Functional Analysis of primary CAR-NK cells armored with cytokines targeting CD19 and ROR1

Abstract

CAR-NK cells represent a potentially safer and "off-the-shelf" alternative to CAR-T cells, offering broad tumor recognition without HLA restriction, intrinsic antitumor activity, and a lower risk of cytokine release syndrome (CRS), without causing graft-versus-host disease (GVHD). During my PhD, we tested CAR constructs coexpressing IL-15, IL-15R¿, and IL-27 in NK cells. These constructs significantly enhanced CAR-NK cell proliferation and cytotoxicity. In parallel, our group designed CARs incorporating the 2B4 signaling domain as a costimulatory module, which demonstrated promising functionality in NK-92 cells. Thus far, all evaluations have been conducted in NK-92 cells, and the next step is to validate these constructs in primary NK cells. In this project, our first objective is to generate primary NK cells expressing anti-CD19 CARs with IL-15 and IL-27, using a royalty-free feeder cell line provided by Professor Guimarães. This feeder system enables a sustainable and scalable method for NK cell expansion. Our second goal is to combine the 2B4 costimulatory domain with cytokine coexpression to develop a novel CAR targeting ROR1. ROR1 is overexpressed in multiple malignancies, including hematological cancers, and targeting it could expand the therapeutic reach of CAR-NK therapy beyond CD19, potentially addressing both hematologic and solid tumors. As specific aims, we will perform multi-omics analyses of anti-CD19 CAR-NK cells expressing IL15 and IL27, and the novel anti-ROR1 construct.
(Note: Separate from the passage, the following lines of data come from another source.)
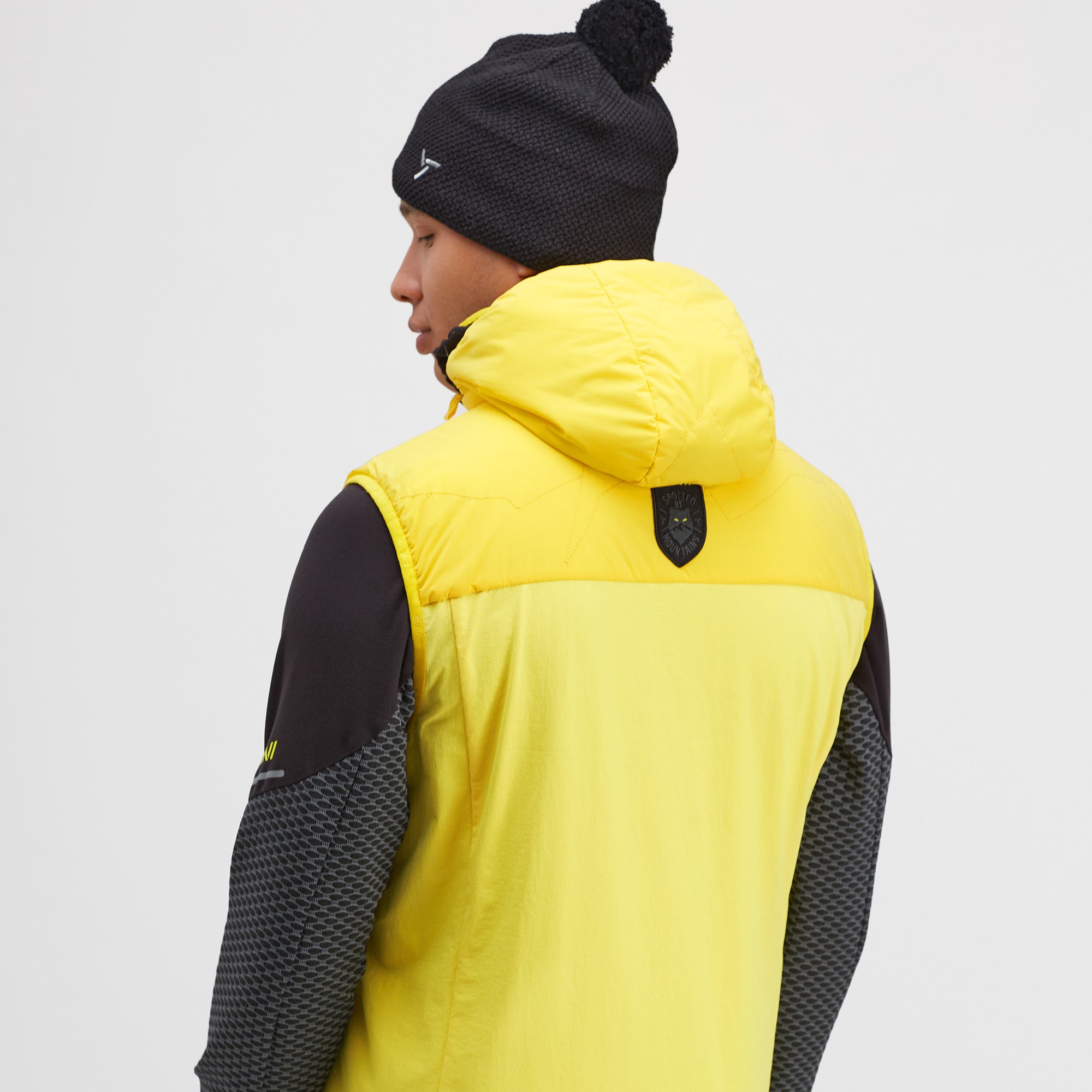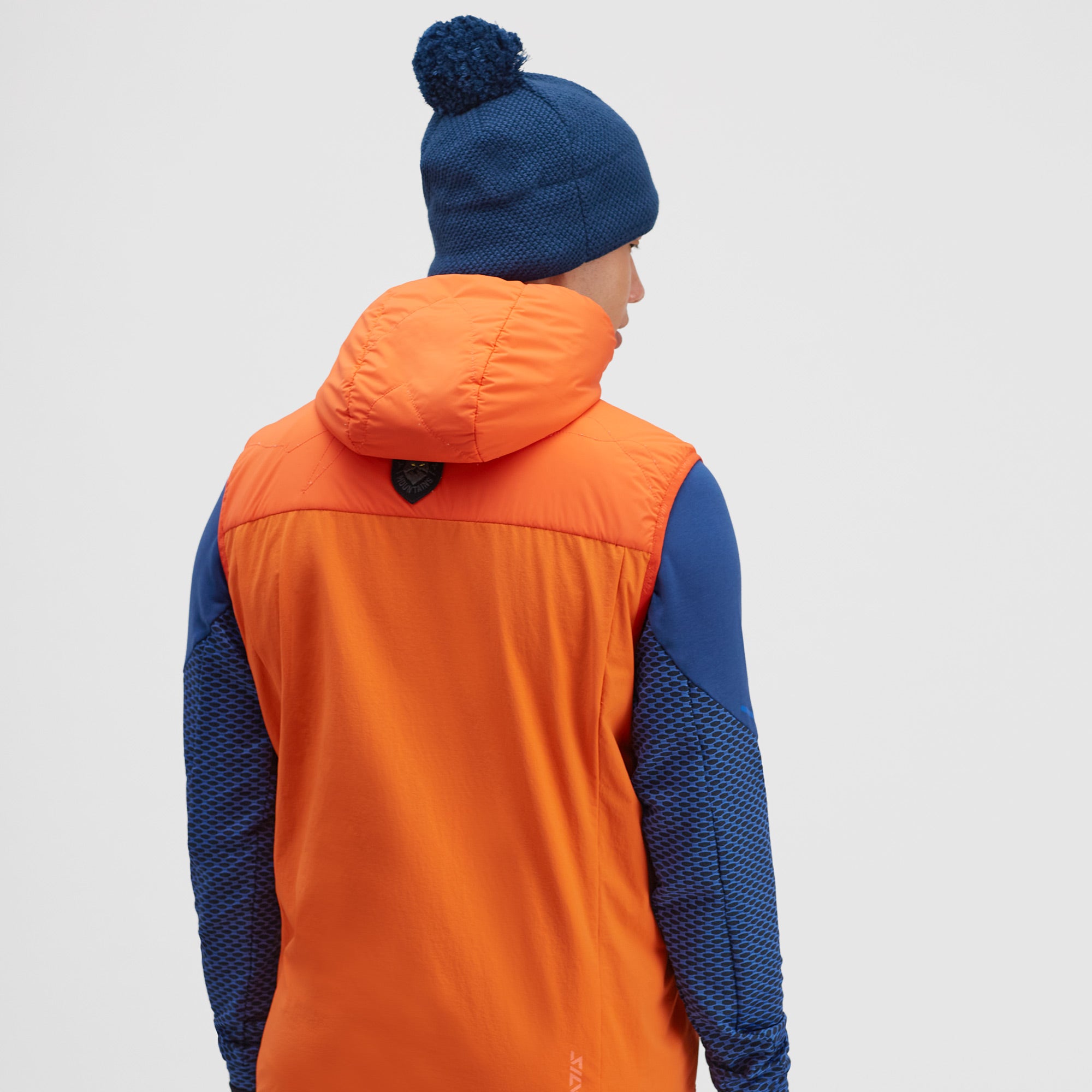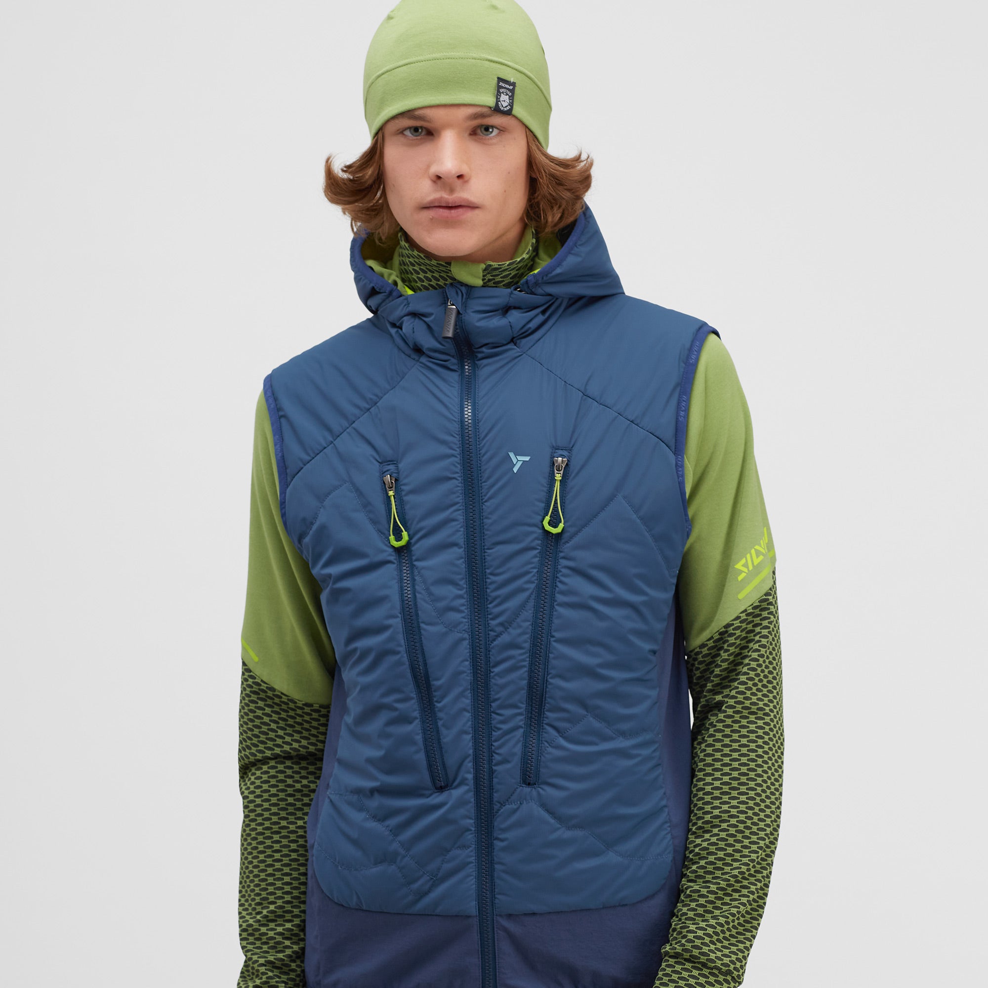 Men's insulated ski touring vest with detachable hood and pockets for climbing skins. It is made of windproof Windbreaker material and QuatroFLEX Shell with Primaloft® Gold Insulation Active 40 g insulation.
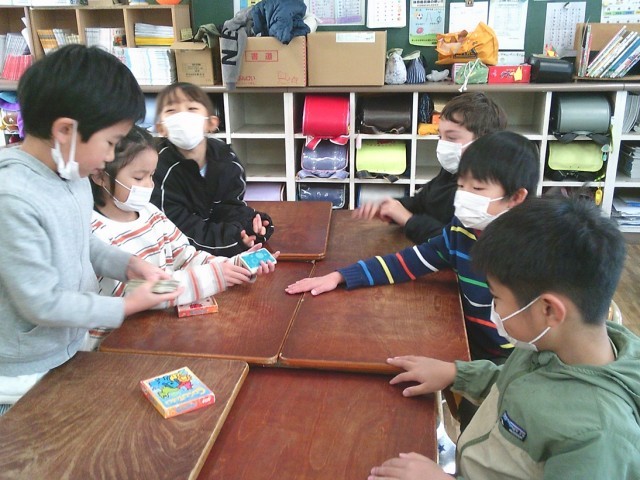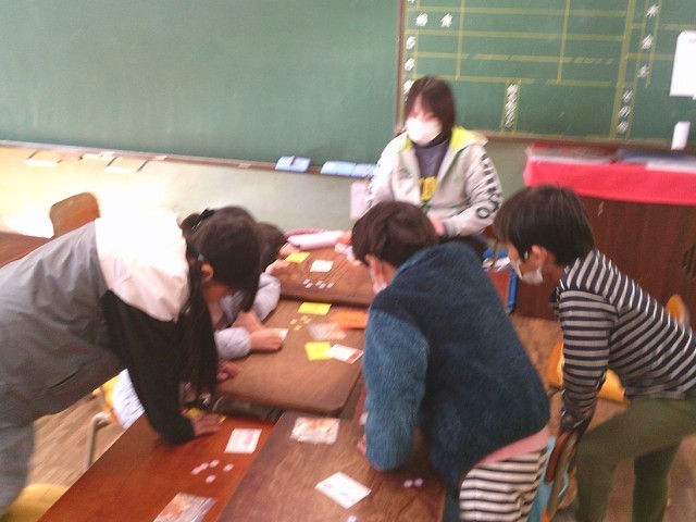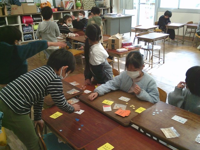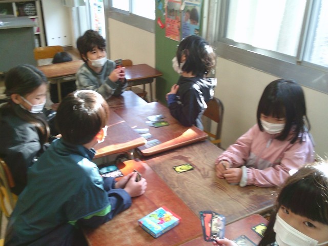 2年生のある学級では、学級活動の時間にお楽しみ会を開催しました。友達と一緒にカードゲームを楽しみました。
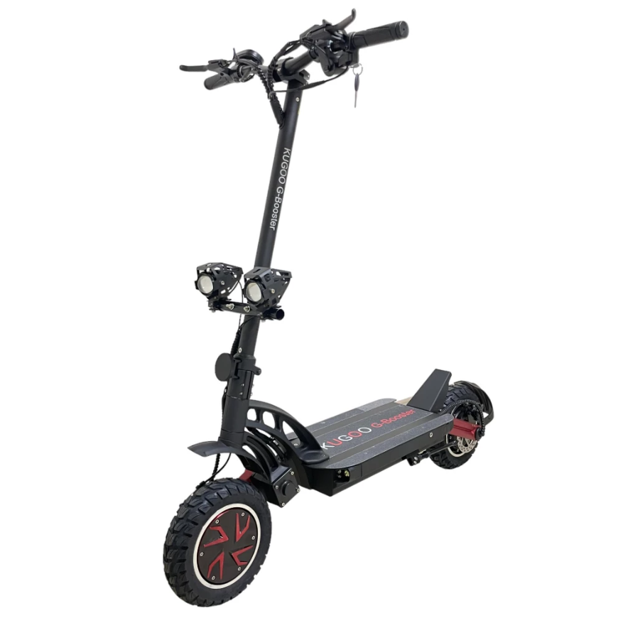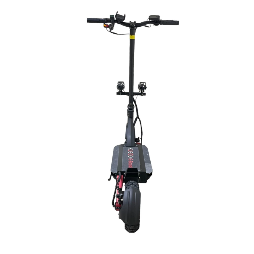 Оснащение электросамоката Kugoo G-BOOSTER включает в себя бортовой компьютер, с помощью которого можно контролировать и регулировать основные технические характеристики. Есть внешнее освещение, светодиодные элементы встроены в деку. Сигнализация, звуковой сигнал.

We will also evaluate the impact of NKG2A knockout in primary NK cells, both alone and in combination with CAR expression, to assess potential enhancements in cytotoxicity. This collaborative project will be instrumental in enabling multi-omics profiling of primary CAR-NK cells and in the development and functional validation of our new CAR construct. Ultimately, it will provide a strong foundation for advancing CAR-NK cell therapies as a safer and more adaptable platform in cancer immunotherapy.